The open relationship between the patient and the navigator may make it easier for the patient to express his or her concerns. The navigator can assist their patients by 1) listening closely to the patient’s concerns, 2) showing interest in the patient’s experience with cancer, 3) asking who will provide support during cancer treatments, 4) asking how the patient is adjusting to the cancer and treatment plan, 5) encouraging patients to continue using coping strategies that are successful, and 6) suggesting additional coping strategies to address the patient’s concerns. Increasing evidence suggests that distress screening alone is not sufficient to improve patient outcomes. Another critical component is appropriate, timely, and personalized follow-up referrals. Navigators are instrumental in the development and implementation of a plan for psychosocial health services in their cancer program that supports patients (by providing personalized information, identifying strategies to address psychosocial needs, providing emotional support, helping patients manage their illness and health), links patients and families with psychosocial services, and coordinates psychosocial and biomedical care.
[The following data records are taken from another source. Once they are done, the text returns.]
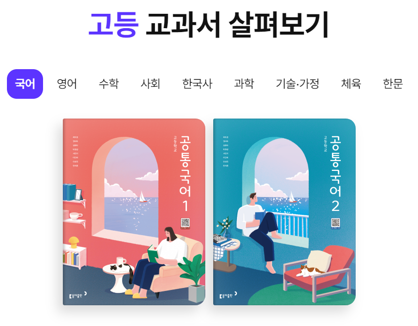 초등학교, 중학교, 고등학교 각 과정별로 제공되는 교과서를 확인합니다.
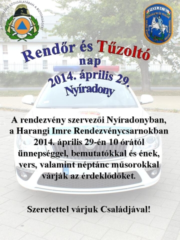 Rendőr- és Tűzoltónap Nyíradonyban Megosztás A Hajdú-Bihar Megyei Rendőr-főkapitányság és a Hajdú-Bihar Megyei Katasztrófavédelmi Igazgatóság 2014. április 29-én Nyíradonyban rendezi meg a Rendőr- és Tűzoltónapot.
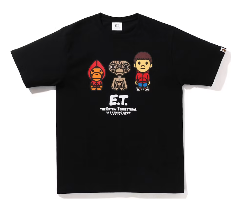 Elevate your child's wardrobe with this exclusive Bape Kids x E.T. collaboration tee. Featuring the iconic Baby Milo character reimagined through the lens of the beloved E.T. franchise, this black crewneck delivers streetwear credibility with nostalgic appeal. Crafted from quality cotton construction, it offers comfortable everyday wear for young enthusiasts. The Size 130 K ensures an ideal fit for growing kids. A must-have piece for collectors and fans of both Bape's legendary aesthetic and classic cinema.
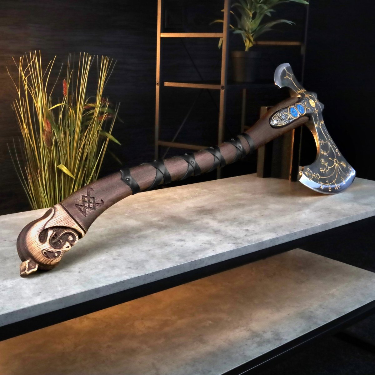 Another version of our "Leviathan Kratos" axe (v 2.0) from God of War. This beautiful handmade heavy axe comes with a custom-made wooden handle with leather wraps. The blade is forged of high carbon steel and comes with a free leather cover. It's a perfect choice if you wish to decorate your home in a Viking style or take it to a LARP game.
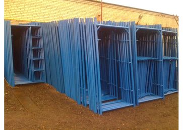 Основная деталь таких лесов - прямоугольная вертикальная рама, изготовленная из тонкостенной стальной трубы. Обычно используются рамы двух видов: с лестницей, и проходная. Рамы крепятся по вертикали соединением "труба в трубу",
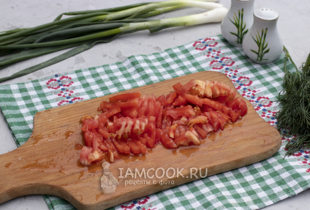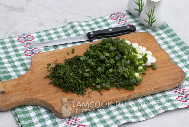 Измельчить лук и укроп. Можно также использовать петрушку.
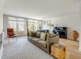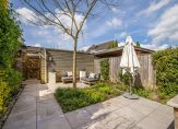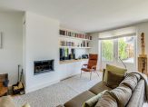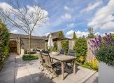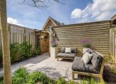 Toegang tot woonkamer van 6.07 breedte met open haard, dubbele tuindeuren, vast raamkozijn en ruime achtertuin die modern is bestraat en de houten berging met het achterom.
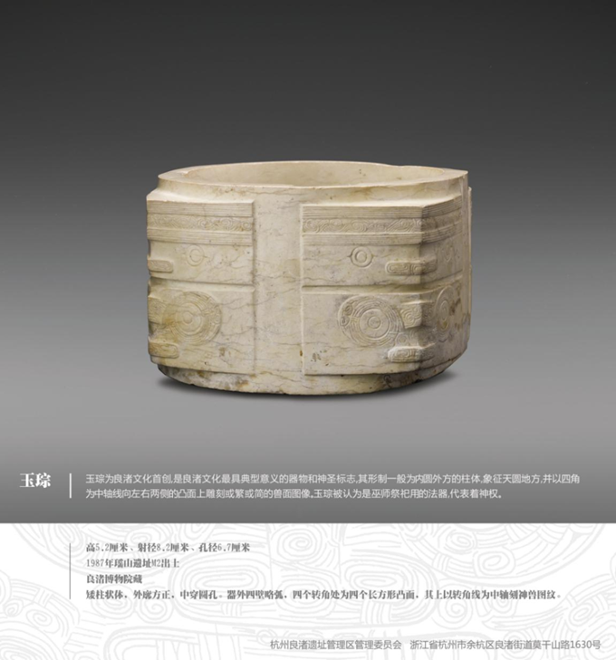 良渚文明的一个重要特征是玉器文明。五千多年前的良渚先民,用他们独特智慧创造出类型丰富、制作精美的玉器,令人叹为观止。这些玉器不仅仅是装饰品,更是体现了王权和神权拥有者对稀有资源的控制和垄断,形成了以琮、璧、钺为代表的一整套玉器使用制度,用来明确尊卑、划分等级、区别身份、显示权力,反映出当时已经形成了一套不同阶层人群的用玉制度和社会规范。

Navigators can also educate patients and their families on how to use adaptive coping mechanisms, such as deep breathing, mindfulness, and other self-management exercises to decrease distress. Navigators can provide a comprehensive understanding of the patient to other members of the multidisciplinary team and take the lead role in assessing the patient’s needs for possible referral to a mental health specialist.

Metrics

Patient Experience Metrics

  • Patient Experience Survey – percentage of patients extremely satisfied with the patient experience related to navigation services
  • Physician Experience Survey – number of physicians who received a physician experience survey related to navigation services and outcomes
  • Chemotherapy/Radiation Therapy Patient Experience – number of patients who received a treatment educational packet from the navigator

Clinical Outcome Metrics

  • Tumor Conference Compliance with NCCN Guidelines – percentage of treatment plans that followed the NCCN guidelines and recommendations as discussed at the tumor conference
  • Psychosocial Distress Screening – number of patients who received psychosocial distress screening (compliance with CoC Standard 3.2) at pivotal touchpoints/transitions and interventions; number of patients referred to mental health specialist based on psychosocial distress screening; number of patients who received an evidence-based QOL survey (FACT/City of Hope CSV-QOL) per month with outcomes
  • Patient Pathway and Guideline Compliance – percentage of patients who were compliant with their treatment plan
  • Monitor Time of Diagnosis to First Treatment Modality/Timeliness of Care – number of days from the time the patient is diagnosed until first consultation and treatment plan
  • QOL – number of patients who received an evidence-based QOL survey (FACT/City of Hope CSV-QOL) at pivotal points throughout the continuum of care and measurement of interventions provided

Business Performance/Return on Investment Metrics

  • Immediate Referrals of Self-Pay Patients for Financial Assistance – number of self-pay patients referred by navigator for financial assessment/assistance for Medicaid, Medicare, Social Security
  • Medication Coverage – number of patients eligible and assisted with pharmaceutical assistance programs (ie, copay cards and/or free drug program).

Tools

NCCN Distress Thermometer. www.nccn.org/patients/resources/life_with_cancer/pdf/nccn_distress_thermometer.pdf.